間の極意
我が師の一人に、深見仙三郎という伝説の浅草芸人がいます。
口和悪いがとても面倒見のいい人でした。
ある日、鳴かず飛ばずの後輩芸人が、師匠に頼みごとをします。
「オレたちの漫才は全くお客さんにうけません」
「師匠!師匠が先日やっていたネタものすごくうけてましたね」
「お願いです。師匠のあの時のネタ、オレたちにくれませんか!」
芸人にとっては無茶なお願いなことは当人にとっても重々承知なこと
でも深見は快く快諾します。
後輩芸人は喜んで、次の日の舞台でそのネタを披露します。
でも、お客さんからは笑いの一つも出ませんでした。
古典落語もそうですよね。
一字一句まったく同じ古典落語を、新人が話した場合と名人が話した場合
そこにもお客さんから出てくる笑いは大きく違ってきます。
なぜでしょう?
それは『間』の取り方です。
言葉と言葉のあいだ、どれだけの『間』(時間)をとるかということ
お笑い芸人のネタや古典落語のネタのなかにある『間』があれば
実は、それを演じたり語る人、それぞれにも独特な『間』があるんです。
深見には深見に合った『間』があれば、後輩芸人には後輩芸にあった『間』もあります。
さらに声質や話し方の細かい癖、その人の容姿や微細な表情、そこにもあった『間』があります。
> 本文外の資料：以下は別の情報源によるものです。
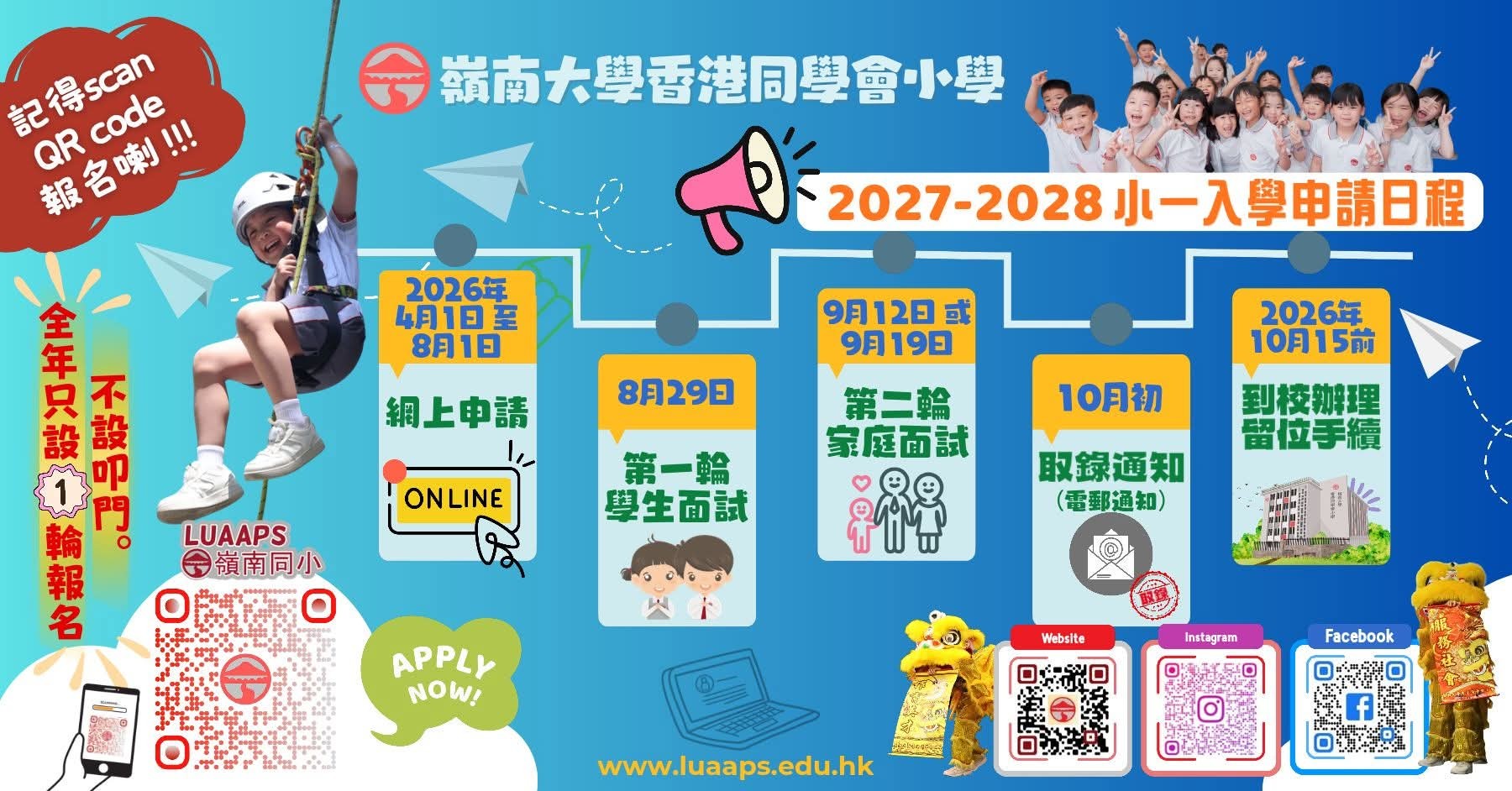 網上報名後,請以郵寄方式遞交下列所有文件:請以網上報名後的電郵回覆作Cover Page1. K1/2的成績表(如有)2. 學生最近證件相 1張3. 出生證明文件副本

だから深見の間の取り方を後輩芸人が完璧に再現したとしても、それは笑いにはならないことだってあるのです。
これに関しては、真似るのではありません
『真似ぶ』であり『学ぶ』のです。
そして自分に合った、自分だけの『間』を見つけましょう。
何かがうまくいかない場合、努力や技量だけではない可能性があります。
それに対する『間』は合っていますか?
立ち位置という意味もあれば、タイミングという意味もありますからね。
格闘技や剣道でいう『間合い』というものをもう一度確認してみましょうね。